The device can acquire total three-phase voltage and current at the low-voltage side in real time, realize the monitoring function, and can calculate voltage deviation, frequency deviation, three-phase voltage/current unbalance rate, split-phase and three-phase active and reactive power and four-quadrant accumulated electric quantity according to the monitored data; 2 groups of switch quantity and displacement signals are collected, and the position state, the tripping state and the cabinet door opening and closing state signals of the transformer low-voltage main circuit breaker are collected.

The microprocessor module is connected with the signal acquisition module through an interface, and the signal acquisition module comprises a 485(HM3085EESA) data acquisition module and a switching value acquisition module; the 485 data acquisition module is communicated with the residual current operated protector, so that the on/off state, the residual current value, the voltage/current and the event alarm information of the residual current operated protector can be monitored.

The low-voltage switch position information acquisition function: position information of a low-voltage incoming and outgoing line switch is acquired through a 485 data acquisition module;

the signal acquisition module is adopted to realize the function of monitoring the state of the transformer: the oil temperature, the gas protection state of the oil-immersed transformer, the gear state of the on-load voltage/capacity regulating transformer, the winding temperature of the dry-type transformer and the fan state information can be monitored;

the signal acquisition module is adopted to realize the environment state monitoring function: the temperature and the humidity of the transformer substation are monitored, and the temperature and the humidity can be automatically adjusted by matching with a fan and a dehumidifier;

the processing module is connected with a storage module and used for storing 1024 events for at least three months.

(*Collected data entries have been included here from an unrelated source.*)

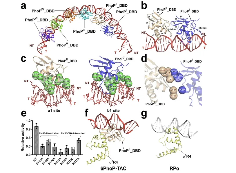 该图聚焦 6PhoP-TAC,详细解析了 PhoP 六聚体与启动子 DNA 的相互作用及关键残基的功能。结构显示,PhoP 的六个 DBD 结构域(PhoPI-DBD 至 PhoPVI-DBD)有序结合在上游双链 DNA 上,其中 PhoPI-DBD 与 PhoPII-DBD 形成头尾二聚体,通过 α7 螺旋插入 DNA 大沟识别碱基,C 端 β 发夹延伸至小沟,α5 螺旋与 DNA 骨架相互作用,且二聚体通过极性和疏水作用稳定。此外,PhoP 结合会占据 - 35 元件区域,干扰 σAR4 与 - 35 元件的经典相互作用。功能验证表明,PhoP 中参与 DNA 结合和二聚化的关键残基(如 E161A、S219L 等)突变后,体外转录活性显著降低,证实这些残基对 PhoP 的调控功能至关重要,同时也解释了减毒菌株中 PhoP S219L 突变导致毒力下降的分子机制。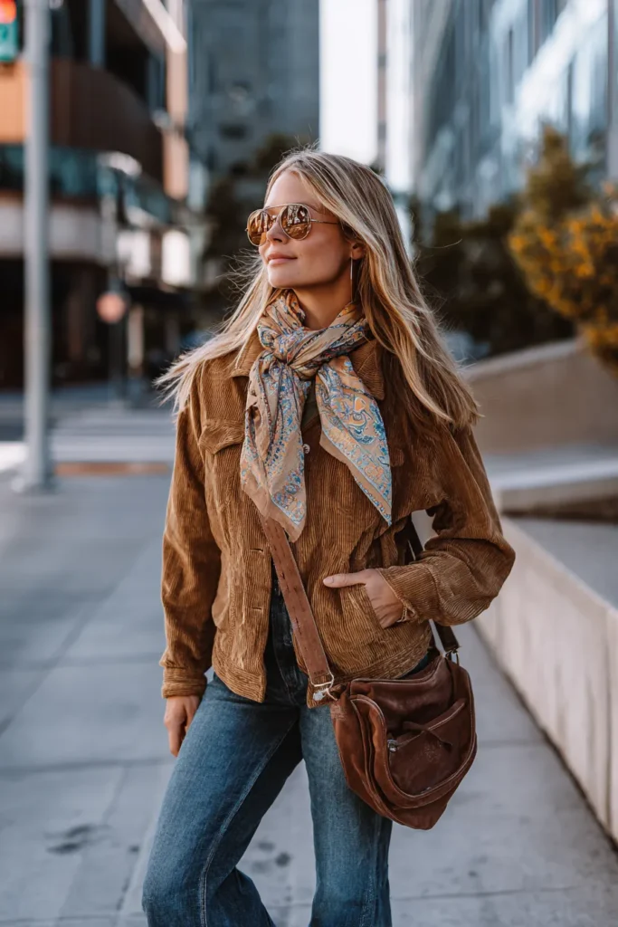 This outfit gives classic boho a city-girl upgrade. The woman is wearing a tan corduroy jacket paired with mid-wash flared jeans, a paisley scarf tied in a loose bow, and a slouchy brown leather crossbody bag. Her aviator sunglasses add the perfect vintage flair, making the look feel timeless and full of personality. It’s the kind of outfit that feels both relaxed and effortlessly stylish.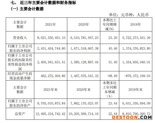 年报显示,2021年,片仔癀实现营业收入80.22亿元,同比增长23.20%;归属于上市公司股东的净利润24.31亿元,同比增长45.46%;归属于上市公司股东的扣除非经常性损益的净利润24.06亿元,同比增长51.40%;经营活动产生的现金流量净额4.62亿元,同比下降68.49%;基本每股收益4.03元,拟每10股派发现金股利12.10元(含税)。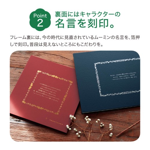 フレーム裏面には、現在もなお注目されている小説中の名言が箔押しで刻印されています。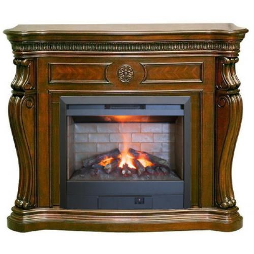 Портал каминокомплекта сразу же привлекает своими мощными классическими формами. Стенки, обрамляющие топку, по углам оформлены изящными резными элементами, оформленными под ножки старинной мебели эпохи барокко. Они выступают опорами для мощной каминной крышки, отличающейся изящными плавными формами. Карниз каминной крышки оформлен тонкой полоской изящной резьбы. В оформлении верхней панели над очагом использована изящная резная розетка, выполненная в форме цветка. Установка всей представленной конструкции осуществляется на невысокое основание. Оно также имеет изогнутую форму, как и каминная крышка.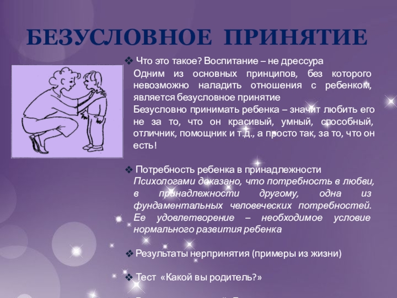 принципов, без которого невозможно наладить отношения с ребенком, является безусловное принятие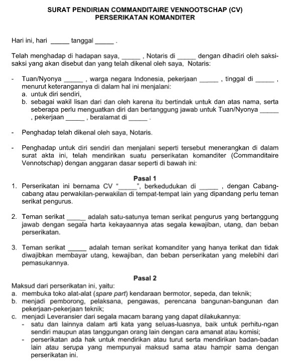 Contoh Surat Perjanjian Pendirian Commanditaire Vennootschap (CV) Resmi Terbaru Format Word - IDNOffice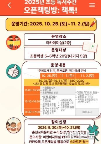 한민일보 서울포커스 곽중희 기자 | 춘천교육문화관은 책 읽기 좋은 계절인 가을을 맞아 오는 10월 25일, 10월 28일부터 11월 2일까지 초등학생 5~6학년 학생 20명을 대상으로 초등 독서주간 ‘오픈책팅방 책톡!’을 운영한다.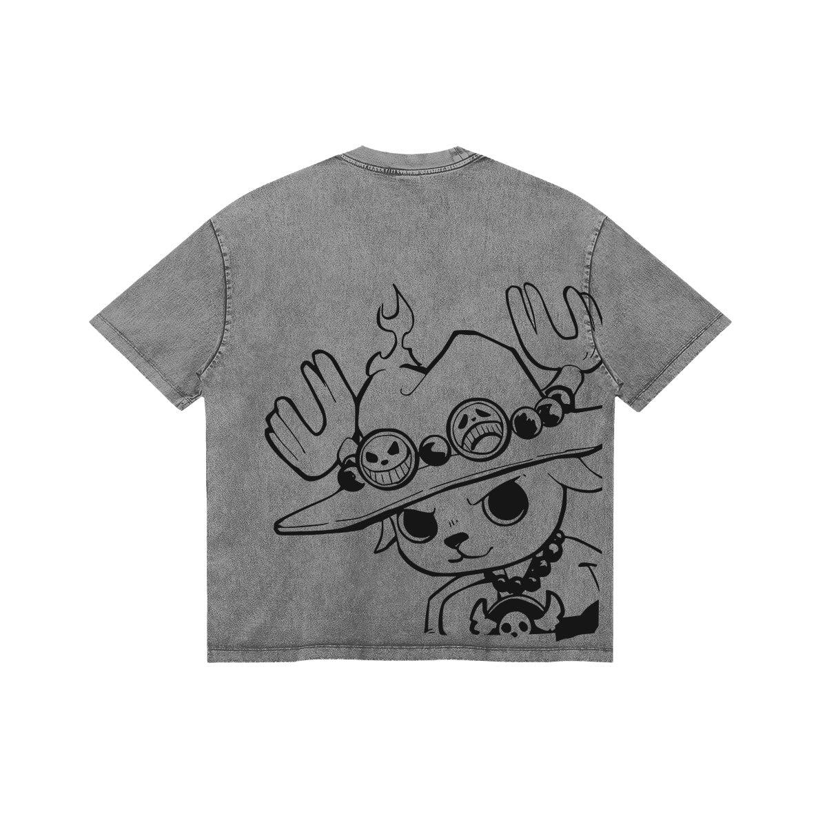Carry the fire forward. A charming yet powerful tribute to the Straw Hat’s brave doctor. The front of this slate-grey washed tee features a minimalist, fine-line sketch of Chopper wearing Ace’s iconic orange hat. The back reveals a massive, close-up manga illustration of Chopper, his eyes filled with determination as he dons the signature headwear of the Flame-Flame Fruit user. Rendered in a clean, high-contrast ink style, this design embodies the bond of brotherhood and the "Inherited Will" that defines the world of One Piece. A premium essential for those who believe that a person only truly dies when they are forgotten.

The processing module can modify and read parameters and fixed values according to local and remote modes; the program can be upgraded locally and remotely, and the program upgrade supports breakpoint continuous transmission; the device has the functions of hot plug, self diagnosis and self recovery, and can transmit alarm information in case of failure and automatically reset in case of abnormality.

The processing module performs data statistics according to the stored data: the data can be counted and recorded according to the day, the counting time is 1 year, and the statistical data support remote calling. The statistical data comprises the voltage qualification rate, the total active electric quantity, the peak active electric quantity, the reverse reactive electric quantity and the reverse reactive electric quantity; an average load rate; the daily heavy overload times, time and daily running time comprise the maximum and minimum values of voltage, current, power and distortion rate;

the touch screen display module can realize an indication function, has state indication of operation, communication, remote signaling and the like, and locally displays abnormal information in case of abnormal conditions; when the self-fault occurs, fault information is displayed;

the encryption module realizes a safety encryption function: information acquisition and data transmission are realized by encryption, a server is remotely accessed, and safety is ensured by means of digital certificates, bidirectional authentication and signature verification.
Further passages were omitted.